Junior tennis is not always a good indicator of senior talent in the men’s game but Searle’s ability has convinced Morgan Phillips, head of boys’ tennis at the National Academy in Loughborough where the teenager trains, to quit his job to help him take his first steps in the professional game.
And after spending some time training with Jack Draper and former South African cricket team fitness trainer Steve Kotze, Searle is starting to deliver, reaching his first Futures final last month and a new career-high of 631 in the world.
Behind Searle, Oliver Bonding and Viktor Frydrych are Britain’s top ranked juniors. Frydrych, 18, reached the boys doubles final in Australia earlier this year but is yet to make the kind of strides in the senior game that his classmate Searle has.
Bonding is two years their junior, but did recently become the first British boy to win a Junior 500 title on the clay courts of Blumenau in Brazil.
If you speak to anyone in British tennis who knows the junior game, they all talk up the chances of Hannah Klugman being the one to outstrip the rest.
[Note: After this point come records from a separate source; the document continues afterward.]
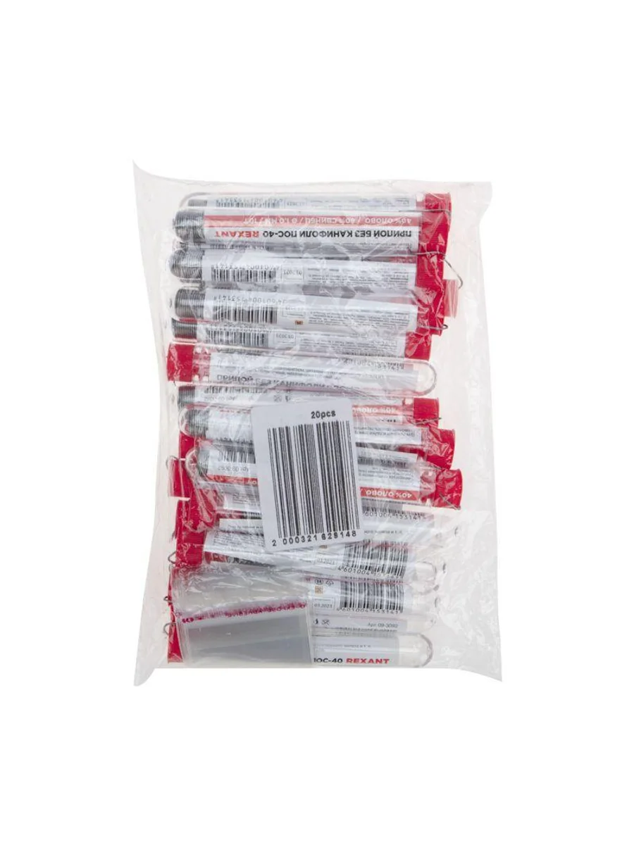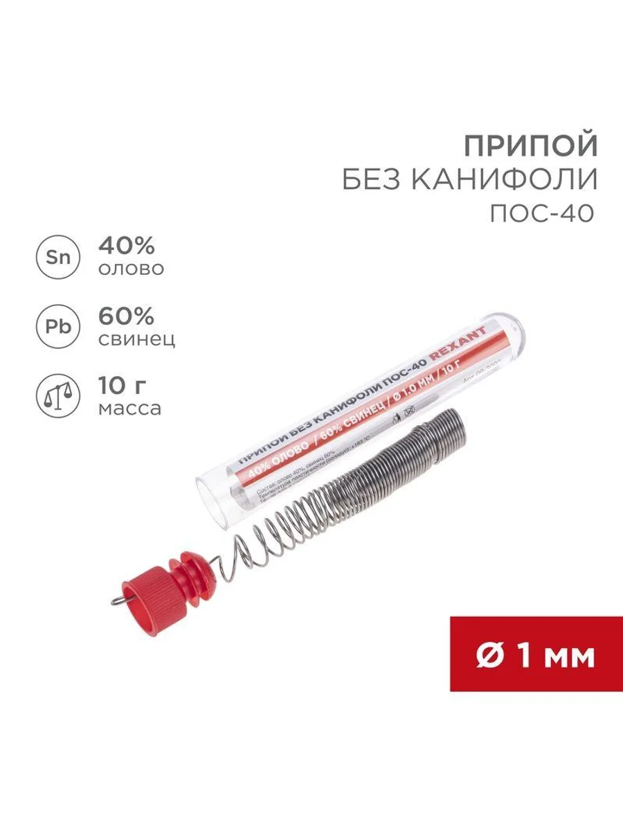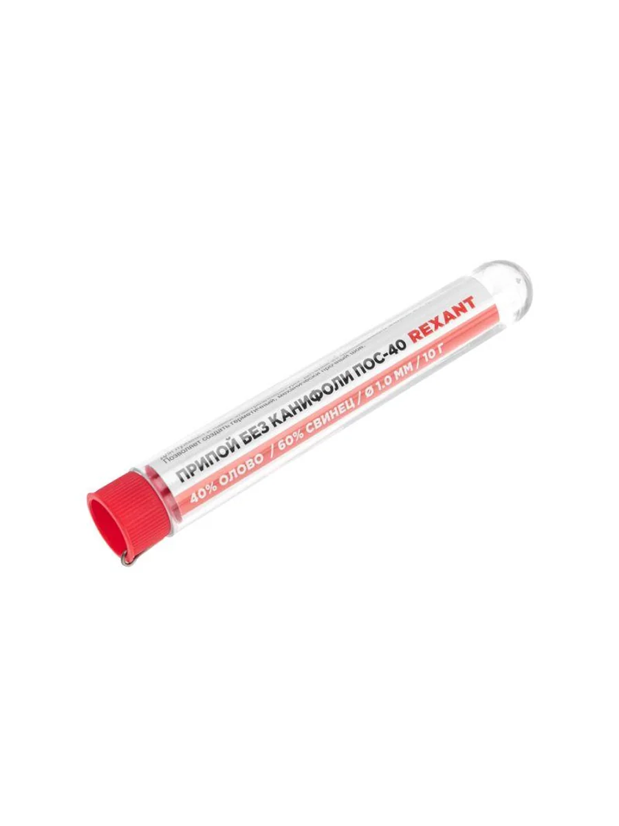 Припой без канифоли ПОС-40 10г d1.0мм (Sn40 Pb60) колба Rexant 09-3092
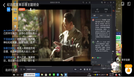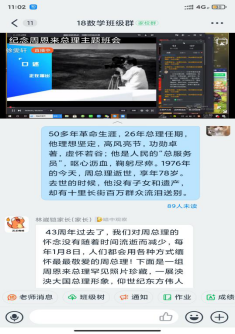 我院“周恩来班”(2018级数学班),召开钉钉线上主题班会,精心设计学习内容,在感悟周总理精神的同时,为工作在一线的抗疫工作者表示崇高的敬意。同学朗诵《一月的哀思》节选内容,表达对周总理的深切怀念之情;收看专题纪录片《榜样--周恩来的故事》,进一步感悟周总理精神的丰富内涵;收看视频后同学们交流感想,分享心得,流露出对周总理生平事迹的敬佩仰慕之情;在班会的最后环节,同学们为黑河奋战在抗疫一线的工作人员点赞,并祝福黑河这座风景如画的小城,早日“康复”,期待春暖花开,重聚黑河学院。
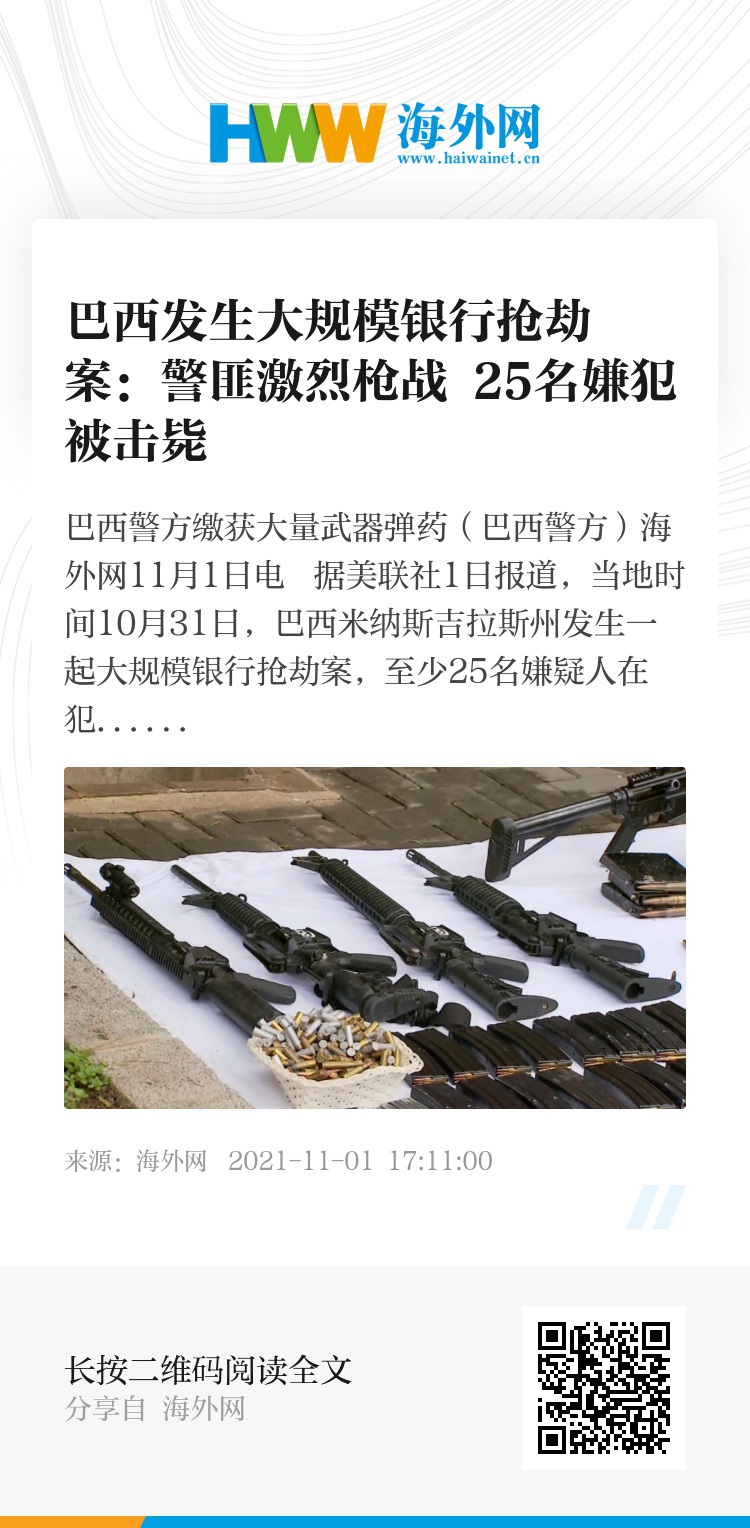 海外网11月1日电 据美联社1日报道,当地时间10月31日,巴西米纳斯吉拉斯州发生一起大规模银行抢劫案,至少25名嫌疑人在犯罪行动中被击毙。

Klugman was just 14 when she won the U18s Orange Bowl last year, a prestigious Floridian junior tournament previously won by the likes of Chris Evert, Caroline Wozniacki, Bianca Andreescu and Coco Gauff – and held on clay. Now 15, she is the No 6 ranked junior in the world and is on the verge of breaking the top 600 in seniors after reaching multiple quarter-finals at Futures level.
Mika Stojsavljevic is in the same cohort as Klugman but without the strength of junior results. However, just last month the Londoner was given a wildcard into the Nottingham $35k – and promptly won the tournament to rise nearly 200 places in the world rankings.
Mimi Xu is the oldest of the trio, but only by a few months but is in the same bracket in the world rankings at 677 and has beaten Klugman on tour as recently as October.